* [Exercise details] Could you restate, exactly and with nothing added, the lines from the start of the data through the line that holds "Het lijkt misschien", leaving the pictures out?

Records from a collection
────────────────

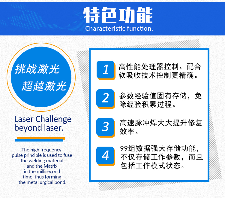 1、 精密脉冲点焊:本模式下的焊补精度达到或超过激光的焊补精度
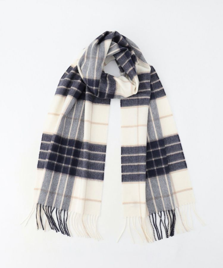 ブロックチェックとタータンチェック、2種類のチェック柄がラインナップするマフラーです。素材は上品な光沢を備えたカシミヤ100%の生地になっています。表面をアザミの実で起毛させることで、なめらかで心地よい肌触りに仕上げています。
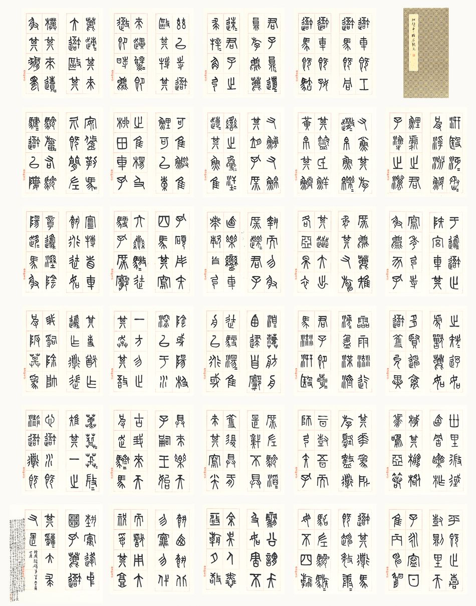 款識:師於一九八六年初春臨石鼓文第一通,一九八八年中秋前九日臨石鼓文第兩百通,一九八九年十二月八日完成石鼓文第三百通。盲猜推算,此冊臨竟約在一九八八年初春,或皆未能於公餘之暇致力臨石鼓文。師用功之勤,用力之深,非生所能望師項背。此冊筆畫多而結體完美者,如乙鼓「鱮」字、丙鼓「旛旛」字、丁鼓「鑾」字、壬鼓「驂」字,字字鮮活於用筆轉彎處,時圓時方;方而頑強者,適師之性也。己鼓第十一字,草之篆法與結體,天機自然,行筆中自有己意。當今書寫能得之於天機者幾希。此冊裝幀後有緣親睹敬讀,再三生之幸甚幸甚。靈渠館弟子李義弘拜記。二零一二年十一月。
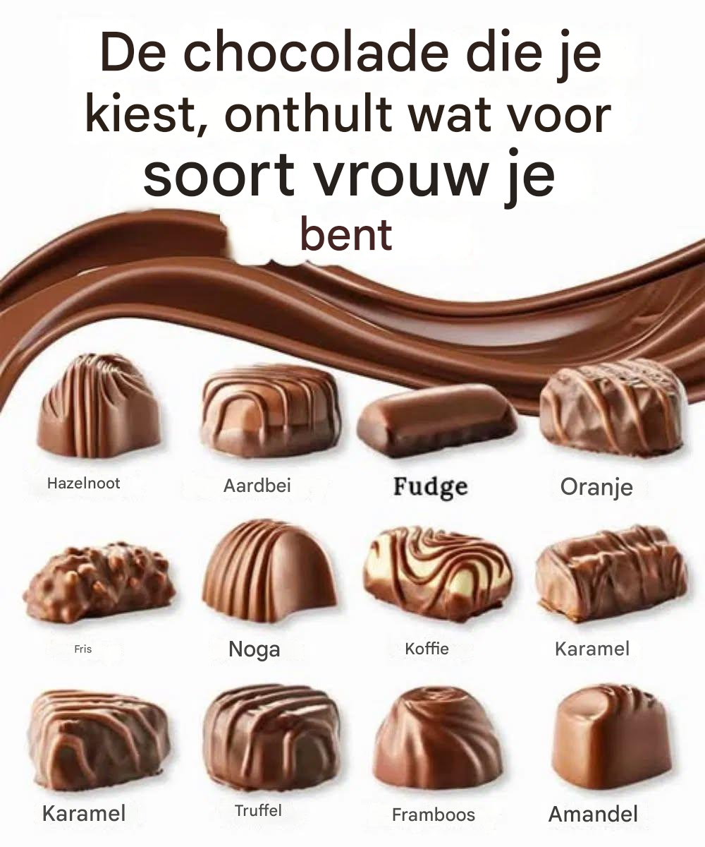 Het lijkt misschien gewoon een simpele trek in iets zoets, maar het soort chocolade dat je het meest aanspreekt, kan verrassend veel zeggen over je persoonlijkheid. Kies gewoon intuïtief — je eerste gevoel is meestal het juiste.
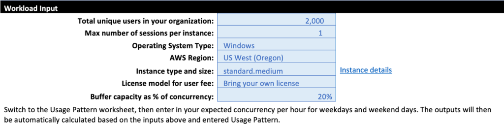 Suppose you are an enterprise that uses an application streaming technology to stream the SAP GUI to your users, or you’re a financial ISV that wants to stream your accounting software to your customers as a service and need to estimate the price of using WorkSpaces applications. Your infrastructure is built in the Oregon (us-west-2) AWS Region, and you have 2,000 total users that will stream during the month. The application runs perfectly using the stream.standard.medium instance type and size. Your usage is fairly predictable during the weekday, so you maintain a 20% buffer, with sporadic usage over the weekend. Your enterprise has Microsoft License Mobility, enabling you to port your RDS CALs to AWS for use with WorkSpaces applications. For users covered by your RDS CALs, you won’t incur monthly user fees. Your inputs on the Price Estimator worksheet will look like this:
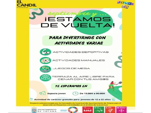 La Concejalía de Juventud informa que este fin de semana se retoma el Proyecto de Dinamización Juvenil “Joven Up” en el Espacio Joven que promueve el Colectivo para la Promoción Social “El Candil”, que dará respuesta socioeducativa y de ocio y tiempo libre, tanto en esta infraestructura de Totana, como en las pedanías de El Paretón, Lébor y Los Cantareros hasta el 28 de octubre.

────────────────

* [Reply to the task]
 1、 精密脉冲点焊:本模式下的焊补精度达到或超过激光的焊补精度
 ブロックチェックとタータンチェック、2種類のチェック柄がラインナップするマフラーです。素材は上品な光沢を備えたカシミヤ100%の生地になっています。表面をアザミの実で起毛させることで、なめらかで心地よい肌触りに仕上げています。
 款識:師於一九八六年初春臨石鼓文第一通,一九八八年中秋前九日臨石鼓文第兩百通,一九八九年十二月八日完成石鼓文第三百通。盲猜推算,此冊臨竟約在一九八八年初春,或皆未能於公餘之暇致力臨石鼓文。師用功之勤,用力之深,非生所能望師項背。此冊筆畫多而結體完美者,如乙鼓「鱮」字、丙鼓「旛旛」字、丁鼓「鑾」字、壬鼓「驂」字,字字鮮活於用筆轉彎處,時圓時方;方而頑強者,適師之性也。己鼓第十一字,草之篆法與結體,天機自然,行筆中自有己意。當今書寫能得之於天機者幾希。此冊裝幀後有緣親睹敬讀,再三生之幸甚幸甚。靈渠館弟子李義弘拜記。二零一二年十一月。
 Het lijkt misschien gewoon een simpele trek in iets zoets, maar het soort chocolade dat je het meest aanspreekt, kan verrassend veel zeggen over je persoonlijkheid. Kies gewoon intuïtief — je eerste gevoel is meestal het juiste.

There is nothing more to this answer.